Seeing her sway on her feet, DD met her halfway, put his polymer-coated arms around her waist, and hugged her close. Her tears now flowed in full streams. “It’s all right, DD. You tried. Don’t feel guilty that you couldn’t stop him.”

“Would this be a good time for me to tell you good news, Orli?” DD said.

She sniffled and laughed, but it was an odd almost hysterical sound. “Yes, now would be a good time for that.”

“You instructed me to stop Tom Rom. You told me to find any way. I was not able to fight him physically. So I found another way.”

Orli stared at the compy. “What did you do?”
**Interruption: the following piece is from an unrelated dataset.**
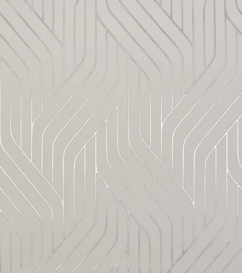 Featuring swaths of parallel lines veering off in unexptected directions, Antonina Vella Ebb and Flow Wallpaper creates a shining contemporary pattern against a solid field.

“Earlier, you had me download the full module of starship engine design and principles. While Tom Rom was in here with you, I accessed his ship’s engines from outside and made several important modifications to them.”

Orli blinked. “You… sabotaged his ship?”

“According to my context database, ‘sabotage’ has negative connotations. I believe what I did was a good thing. Once he took off, a silent timer was activated that will build a feedback loop in the exhaust system and pipe the heat back into his ekti-reactor chamber. Once the process begins, he cannot stop it. I believe I succeeded in locking his diagnostic sensors so they will continue to display optimal readings, regardless of the actual measurements. The overload should be well under way by the time he detects anything out of the ordinary.”

Orli felt dizzy. Her head pounded, and she hoped she wasn’t hallucinating. “What will that do? Will it shut down his engines? Strand him in space?”

“No, Orli, it will cause the engines to explode. His ship and everything aboard will be sterilized. Including the plague vials.”

Orli couldn’t believe what she had heard. “So the explosion will kill him?”

“That would be the obvious consequence of the ship vaporizing.”

“How did your programming even allow you to consider that? Your core routines don’t allow you to harm a human.”

“It was an extreme conundrum, Orli, but I ran an analysis of the situation. My core programming forbids me to harm a human. These strictures also require that I not allow a human to come to harm through my own inactions. In the end, I was able to apply context. If I allowed Tom Rom to escape with viable samples of a disease that is known to be one hundred percent fatal to human beings, I concluded that my inaction would result in far more deaths than my action would. I did the calculations and I made the proper choice.”

Orli went back into her piloting chair and collapsed into it. She felt as if her bones had turned to water.

DD came to stand beside her chair. He looked concerned, even shy. “Did I do a good job, Orli?”

She laughed with relief. “Yes, DD. You did a good job.”